Consequently, the foot structures are responding with a pronatory action at the subtalar joint with the concomitant internal rotation of the tibia. These actions lead to an internal torsion, shown by the arrow, of the tibia. While the absolute forces may be different, these mechanical actions can lead to injuries of the knee joint in both sporting actions. There is relatively little published information on the frontal plane forces and moments acting about the knee joint during steady-rate cycling. Ericson, et al. have published data showing that the normal frontal plane knee joint moment is in varus. They further showed that the magnitude of this moment, while being dependent upon the magnitude and orientation of the vertical and mediallateral pedal reaction forces, is also dependent upon the position of the knee with respect to the pedal. Recently, Francis has shown some data indicating that wedging the foot or rotating its position on the pedal can affect the position and path of motion of the knee joint. He has hypothesized that these changes could lead to a more healthy loading pattern of the tissues within and around the knee joint. Whether the claims of force reduction under a specific situation, for example in the cruciate ligaments, are valid remains to be verified by the techniques discussed above.
Cycling has been used as a common tool for diagnosis and/or rehabilitation of patients with ischemic heart disease, postoperative training after surgery to the joints of the lower limb, exercise for patients with joint disorders such as arthritis, and as an altemative to running. All of these protocols are based on the balance between work intensity and low joint forces that can be achieved in bicycle ergometry. With the exception of Ericson et al. there has been no work examining this balance. These authors showed that the compressive forces achieved in the talocrural joint were lower in cycling than walking. Further, the estimated forces in the Achilles tendon were lower in cycling than walking. They concluded that cycling was the most appropriate exercise regime for the above discussed conditions. They also showed that these forces were independent of body weight, thus suggesting that cycling is indeed an appropriate exercise for people with weight problems.

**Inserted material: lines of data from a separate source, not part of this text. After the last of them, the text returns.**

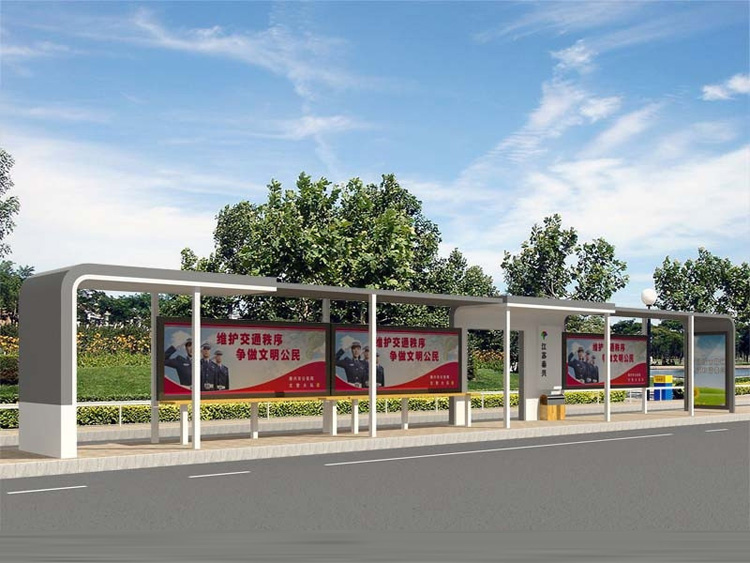 公交車候車亭一般是與公交站牌相配套的,為方便公交乘客候車時遮陽、防雨等,在車站、道路兩旁或綠化帶的港灣式公交?空旧辖ㄔO的交通設施。由于城市公交的日益發達,候車亭已發展成為城市一個不可或缺的重要組成部分,設計精美的候車亭也成為了城市一道美麗的風景。 一般候車亭棚體主要頂棚、立柱、頂弓、廣告燈箱和坐凳組成,也有用隔板來代替廣告燈箱的。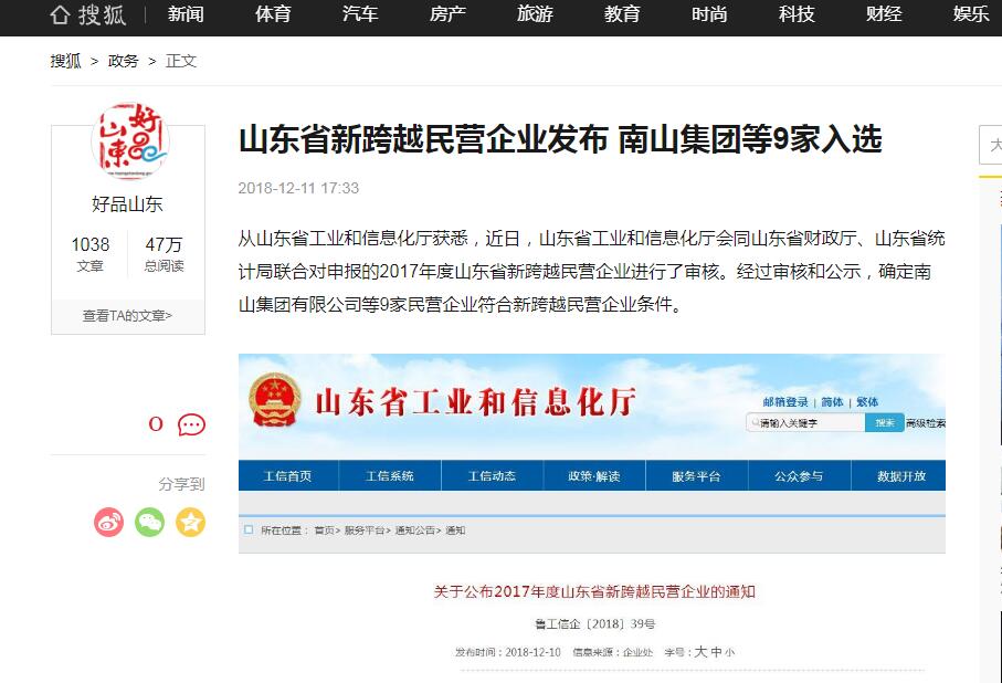 從山東省工業(yè)和信息化廳獲悉,近日,山東省工業(yè)和信息化廳會同山東省財政廳、山東省統(tǒng)計局聯(lián)合對申報的2017年度山東省新跨越民營企業(yè)進行了審核。經(jīng)過審核和公示,確定南山集團有限公司等9家民營企業(yè)符合新跨越民營企業(yè)條件。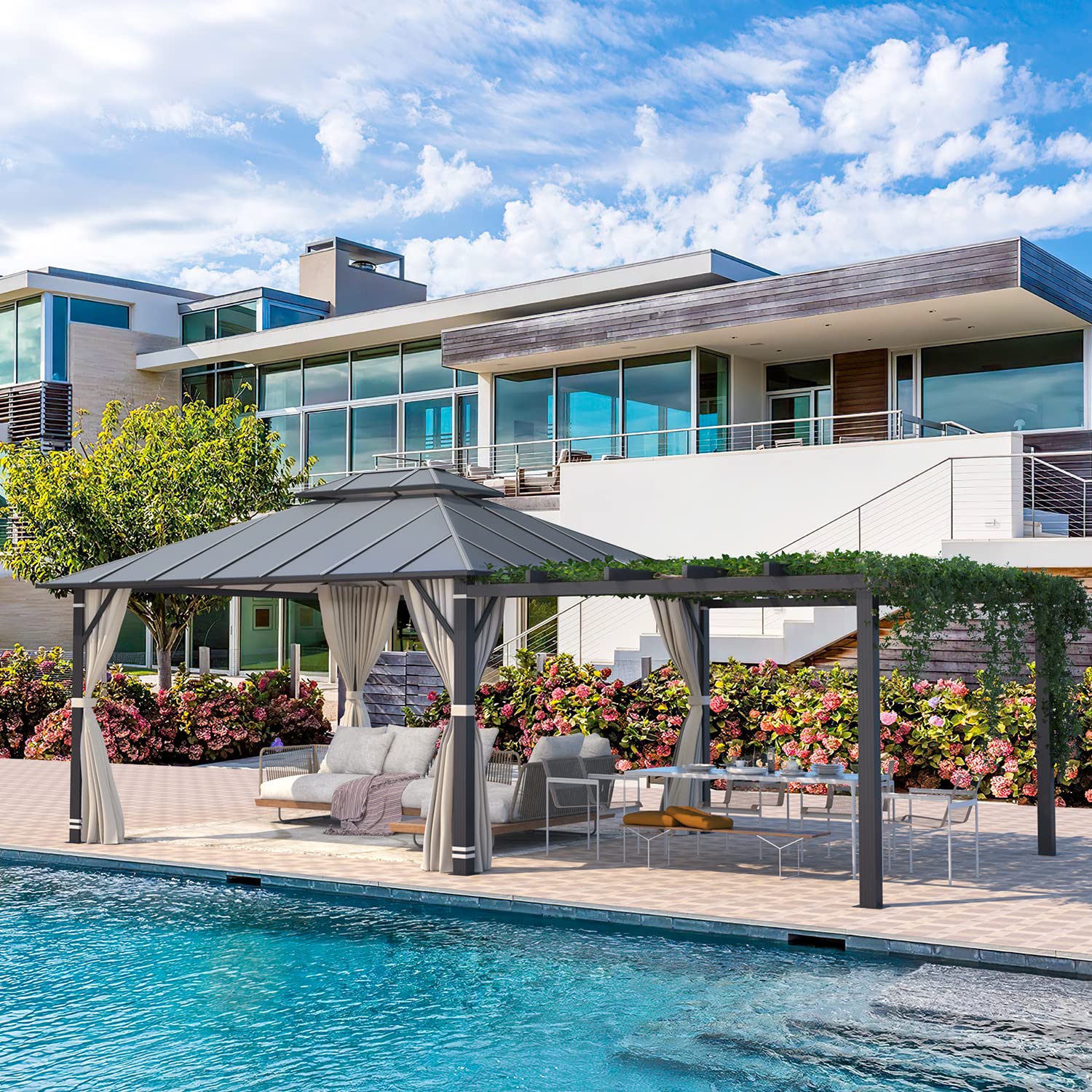 - LARGE ENOUGH SPACE: This hardtop gazebo with pergola is ideal for the pool, hot tub, perfect for outdoor dining or entertainment. Help adds elegance and ambience to your outdoor living space. It is roomy enough to accommodate more than 12 people to attend the party, so that your family can enjoy life at a good time and make the guests feel comfortable and relaxed.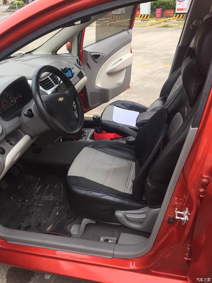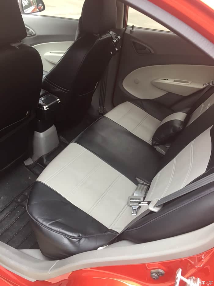 后排全貌加装了仿皮坐垫套某宝有售。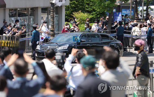 (서울=연합뉴스) 임헌정 기자 = 윤석열 대통령이 탄 차량이 10일 서울 용산구 삼각지 경로당 앞으로 도착하고 있다. 2022.5.10 kane@yna.co.kr ▶제보는 카카오톡 okjebo▶연합뉴스 앱 지금 바로 다운받기~▶네이버 연합뉴스 채널 구독하기 <저작권자(c)연합뉴스. 무단전재-재배포금지.>이 기사의 카테고리는 언론사의 분류를 따릅니다.0공유하기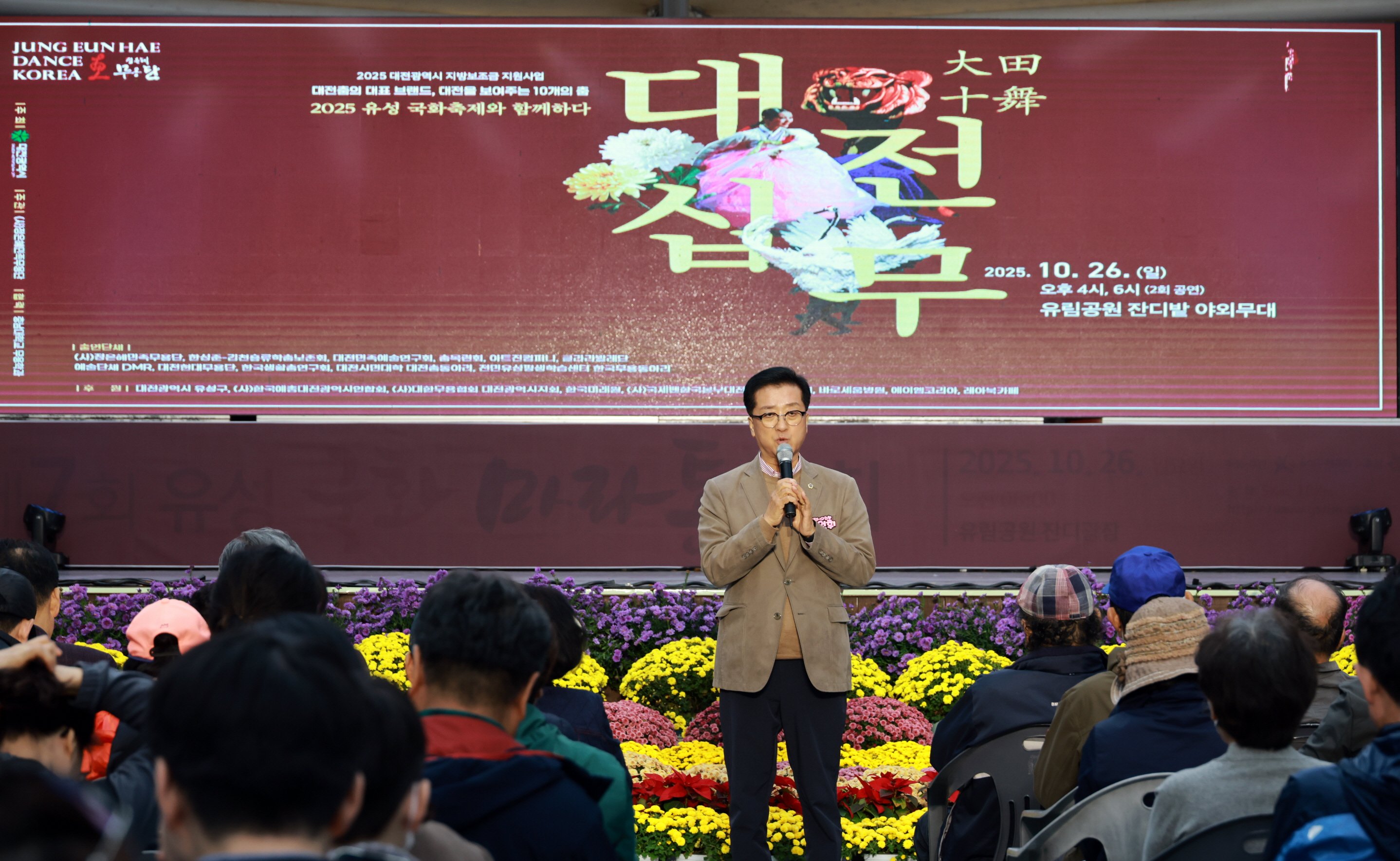 [충청25시] 대전시의회 조원휘 의장은 26일 유림공원(유성구 봉명동)에서 열린 2025 대전십무 공연에 참석해 지역 문화예술 발전을 위한 정책적 관심과 지원 의지를 밝혔다.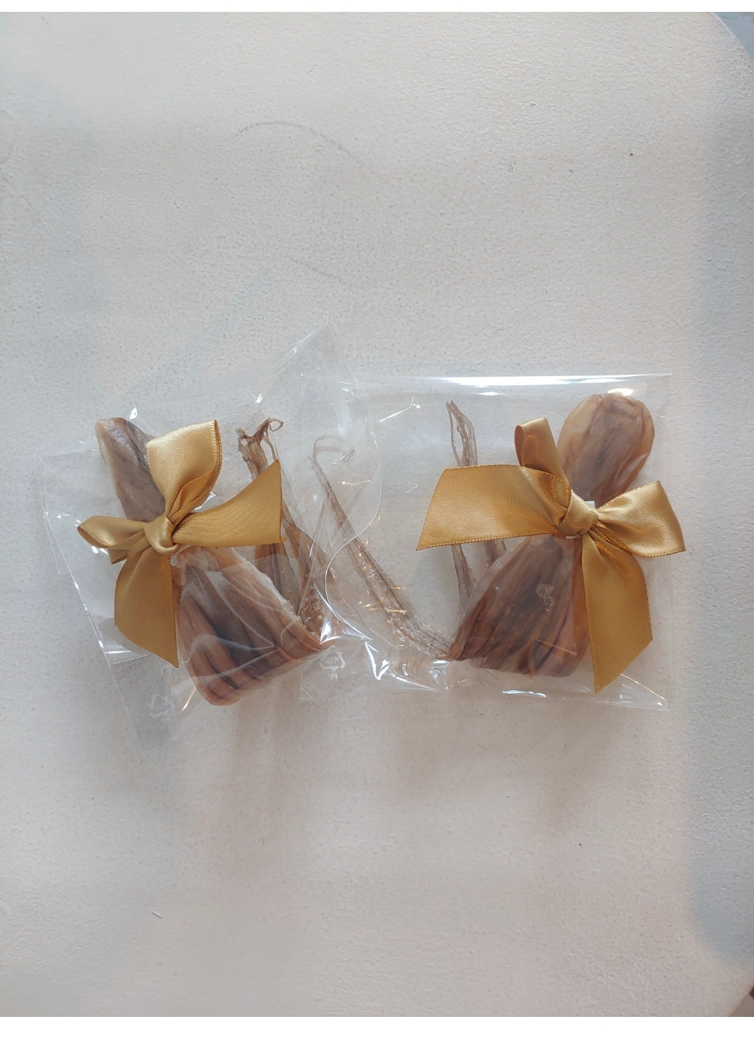 서해의 주꾸미가 건어물이 되어 리본을 묶을 때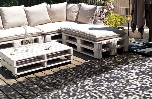 Gran terraza con sombra totalmente equipada, pequeño jardín íntimo.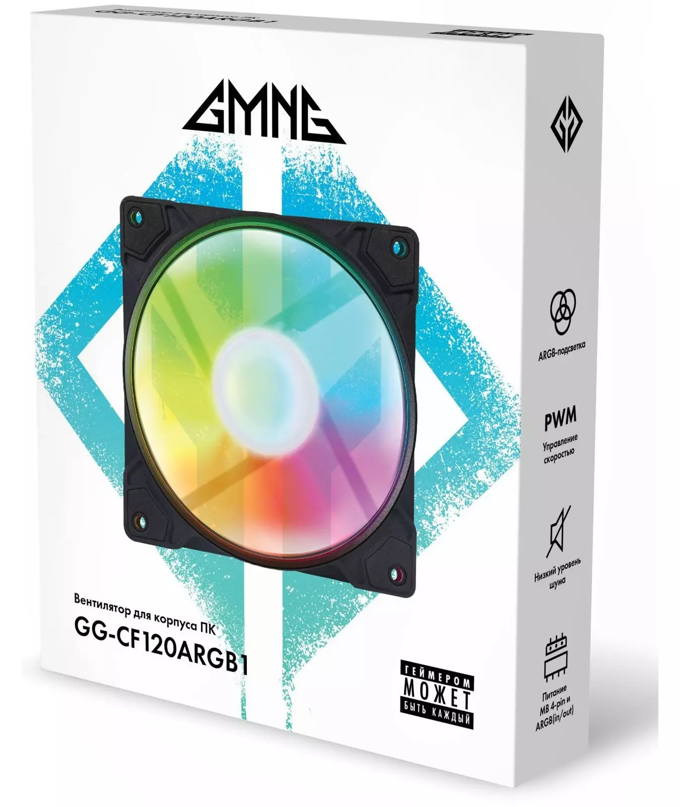 Вентилятор для корпуса GMNG GG-CF120ARGB1-PWMBK ARGB 120х120x25 черный 4-pin 26дБ RTL
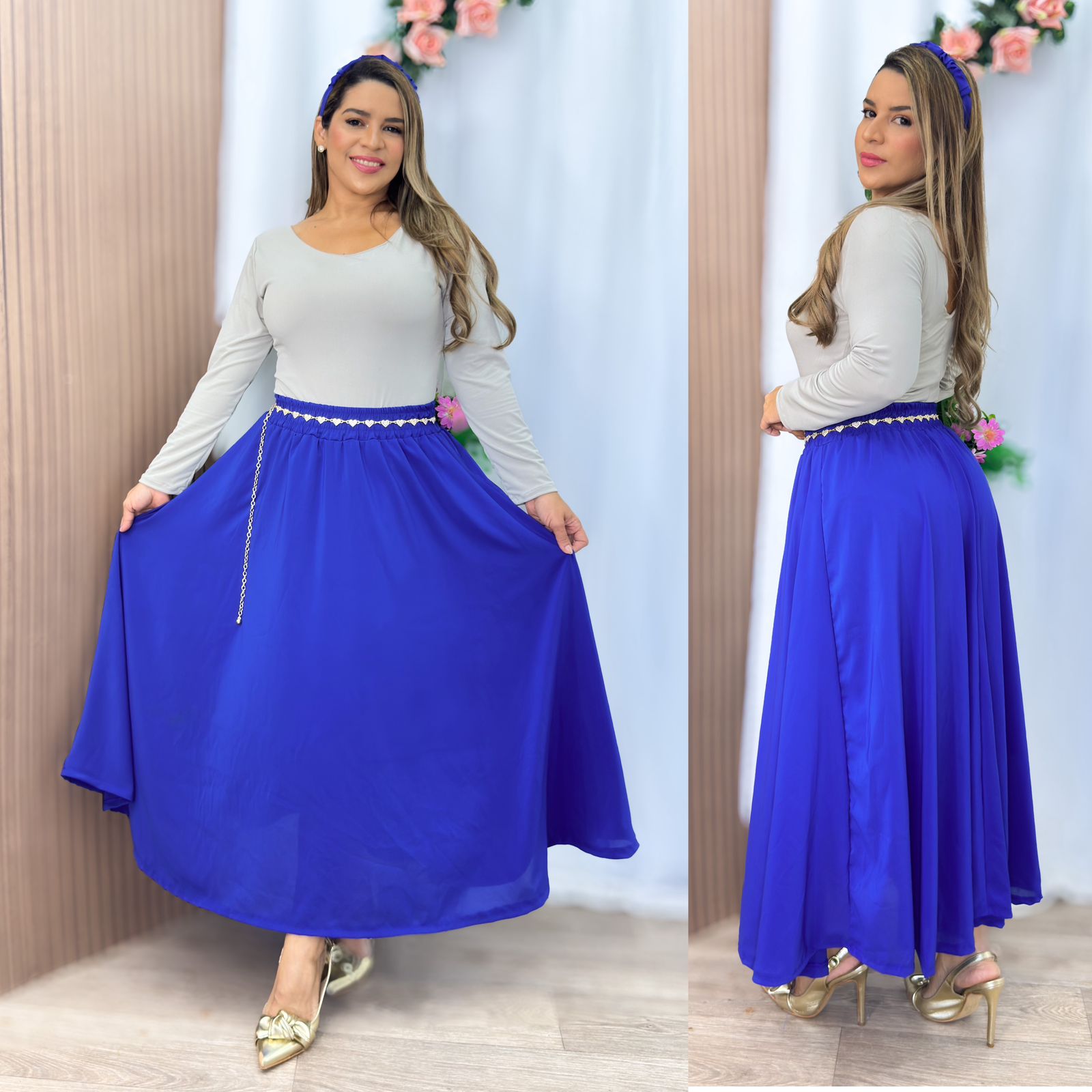 Descubra a beleza e a versatilidade das nossas saias godê e evasê, pensadas especialmente para quem valoriza a moda evangélica com estilo moderno e atemporal. Confeccionadas em tecidos nobres como crepe de seda e devorê, essas peças oferecem um caimento impecável e um toque suave que valoriza seu visual em qualquer evento.

Many issues in cycling remain to be explored. One of the most interesting aspects of development is the range of pedal-cleat systems now available. It seems that straps and cleats are rapidly becoming antiques. These have been replaced by clip-on pedals, some of which hold the foot firmly on the pedal, while others allow for some movement of the foot with respect to the pedal. As yet, there is little research data on whether these systems make any significant contribution to cycling mechanics. The supposed advantage of the movable foot system is that it will reduce torsional forces in the legs during the pedal stroke as the foot pronates and supinates. While this seems a fruitful proposal, futher work will likely reveal whether the hypothesized reductions in torque are significant.